George A. Rada

Random Thoughts, 1995-1998

Composite image of 6 paintings of women with their dolls
Composite image of 6 paintings of women with their dolls

Artist: George A. Rada
Artist Nationality: American
Artist Dates: 1934-2003
Title: Random Thoughts
Date: 1995-1998

Condition: excellent
Medium:
oil/canvas
Dimensions:
42" x 32"
Estimated Value:
$39,000 ($6,500 each)
Signature/Markings: signed on back

Random Thoughts is a series of 6 paintings (oil/canvas) depicting women holding dolls from various cultural backgrounds. The paintings are meant to be donated as a series.

About the Series: In the mid 1990s, Rada created a startling series titled “Random Thoughts.” Collaborating with female models, Rada depicted them as protagonists in painterly dramas of reverie and personal history. Each canvas pictures a woman holding a doll in her hands, striking a duality between the plaything left behind in childhood and the choices made as adults. "Random Thoughts I" shows a young woman perched on a chair near a child’s bench. Apparently in a dream-like state and oblivious to her surroundings, the subject avoids our gaze by looking aside. Her
general affect and gestures are tense and upon closer inspection, her mouth and eyes are
etched with fine lines of stress. As she clutches her doll, it is obvious that the emotional contact
and reassuring rapport suggested by the childhood toy is never attained. The psychological
motivation intensifies as the doll’s face is purposefully obscured from the viewer. In other works
of this series, the qualities of the erotic are regarded in direct relationship to the innocence of
childhood.

In "Remembrance," a woman is presented in a costume and accoutrements that evoke
her African forbears: patterns in tan and black, a skirt cut seductively at the midriff and thigh,
and a traditional hairstyle of cornrows dropping to her shoulder. Her expression is forthright,
amused and approachable in the presence of her doll. This work may be compared and
contrasted to "Distant Thoughts," in which a seductive Asian woman leans back on a simple pile
of storage boxes. Looking sideways through half-lidded eyes, the subject signals the muted
possibility of dream and seduction in the presence of her doll. Her tight red dress and sultry
come-hither look recall Anna May Wong, the classic Chinese-American screen siren of the
1930s. Despite the traditional Chinese association of red with good fortune, it is perhaps a
touch of Hollywood glamour that the doll’s clothing color matches her own.

Each model assumes a pose dictated not only by formal logic, but by a dramatic persona as
well. Rada plays the eroticism of his subjects, having them stand or recline in positions that are
replete with multiple meanings. In "Meditation," a woman sits on the floor, legs splayed dynamically; in "In Half Space," a model seated in a chair folds her legs demurely. Rada undercuts simple voyeurism by holding on to the essential human truth of his psychological premise: Woman
relates to doll, which immures the male gaze and turns vision to empathy and identification.
He also consciously uses women of various races and ethnicities to communicate universality.
All adults have left the reassurances of childhood behind, if they ever experienced them at
all. What remains is the anxiety of adulthood and a pile of old toys presented as the nature
of psychological individuation. The significance of the doll lingers in our consciousness as the
paintings progress. They become metaphors for past choices no longer actively remembered
but still affecting our lives as the remnants of unfulfilled dreams.
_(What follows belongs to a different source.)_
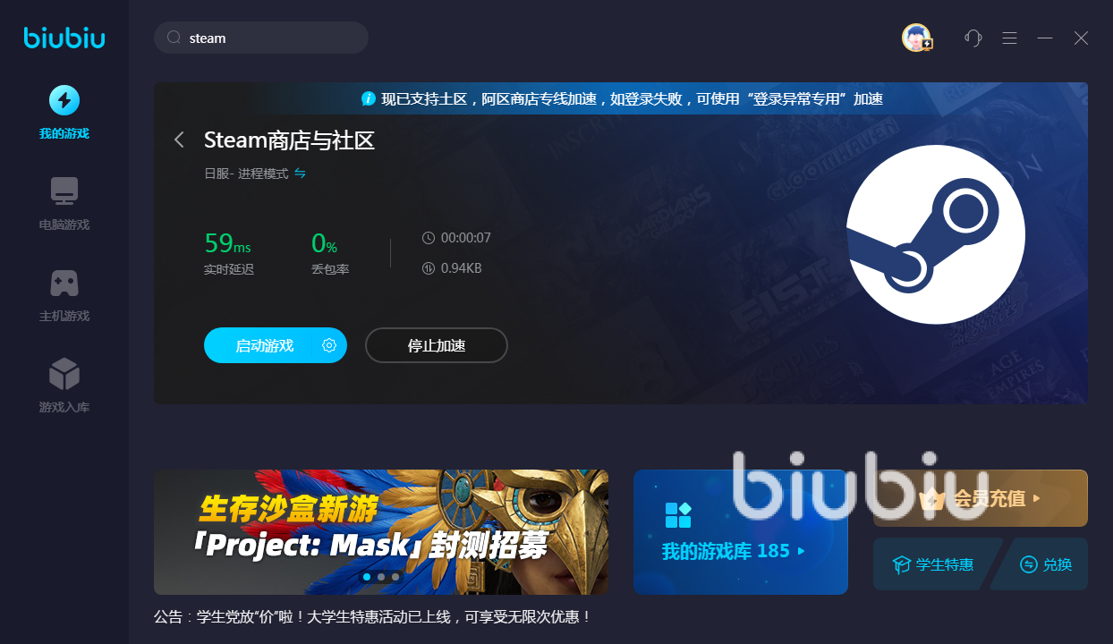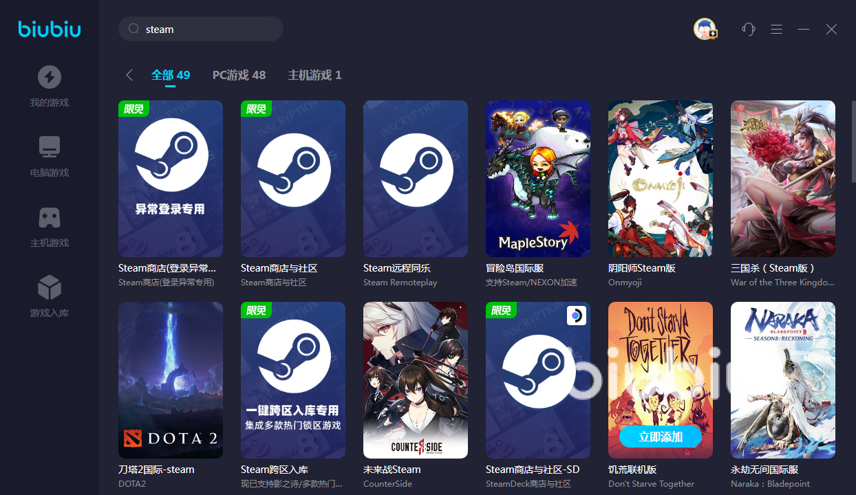 相信大家在该平台下载游戏的时候,都遇到过速度慢或者是直接失败问题,甚至直接在商店页面就出现登录失败,这些都是很常见情况,为了能够使这一环节更加流畅,小编推荐大家使用biubiu加速器来优化。这是一款专门为大型端游准备的辅助工具,除了加速游戏本身更加流畅之外,还可以直接用来加速平台。输入平台名称,从中可以看到有商店与社区,以及登录异常专用这样的选项,根据自身情况合理选择。

The Victorians Thomas Dewing and Lawrence Alma Tadema depicted women as exaggerated
symbols, often externalizing simple states of mind. Yet these artists also enmeshed their
figures in contemporaneous and complex ideas of beauty and sexuality. As Rada updated
these conventions, his double meanings created a modern sense of ambiguity, intruding upon
our own voyeurism and stressing subtle forms of self-confrontation. Painterly technique is
paramount in this regard, because control constitutes an essential part of the series. Rada
avoided reflected impressionist color: his painted forms are cast in silvery penumbral light that envelops the described bodies in pools of umber or ultramarine shadow. The richness of
grisaille is deepened by the yellow silk of In Half Space and the bold patterning of Remembrance.
We are in a land of the fragmentary, where the past can never be reclaimed and the perception
of threat is merely the projection of our own impulses. Offering riveting focal points and
lush descriptions, “Random Thoughts” revels in the problems of the modern world even as it
adheres to the constraints of the figurative tradition.

About the Artist:
George Rada was known to have a serious yet playful nature projecting a lightness of spirit that
subtly changed the people around him. He was president of Artists Talk on Art, an organization dedicated to aesthetic discussion. His conversations with fellow artists and art lovers were often thematic, linking the role of the figure in contemporary art, the language of the Old Masters, and the future of art in general. His ideas were a reflection of his life, embodying a diversity that younger artists cannot match. He served as a captain in the United States Army Artillery, shipped out as a commercial sailor to the Caribbean and South America, studied at the Art Student’s League, and became an art director for a trade publication and then a commissioned portrait painter. He held a degree in classical studies and eventually worked as a consulting educator for the New York City Board of Education.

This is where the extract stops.